What is needed
Each line in the material below, starting at the one with "2 carrés de" and ending at the one with "ポケモン風あだ名 | 『サワチュウ』『サワミダネ』 |", is to be reproduced exactly; no picture is to be copied.

##### Dataset records

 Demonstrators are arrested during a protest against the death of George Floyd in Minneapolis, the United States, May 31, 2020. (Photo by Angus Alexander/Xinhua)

##########
##### Dataset records

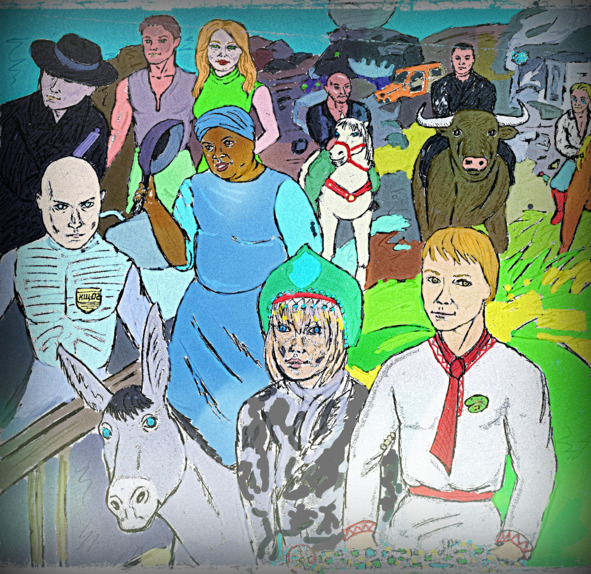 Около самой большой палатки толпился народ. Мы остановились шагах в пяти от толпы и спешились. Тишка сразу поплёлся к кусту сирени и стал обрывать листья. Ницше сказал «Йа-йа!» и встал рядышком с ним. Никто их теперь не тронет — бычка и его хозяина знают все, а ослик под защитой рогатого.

##########
##### Dataset records

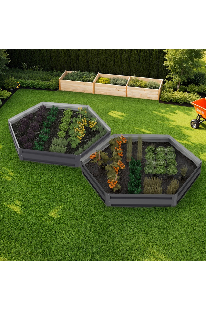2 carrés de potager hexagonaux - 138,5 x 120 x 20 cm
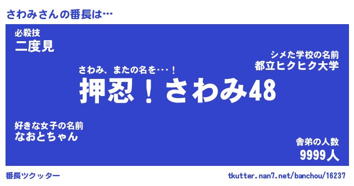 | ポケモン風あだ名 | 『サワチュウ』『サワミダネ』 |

##########

Solution for this task
2 carrés de potager hexagonaux - 138,5 x 120 x 20 cm
 | ポケモン風あだ名 | 『サワチュウ』『サワミダネ』 |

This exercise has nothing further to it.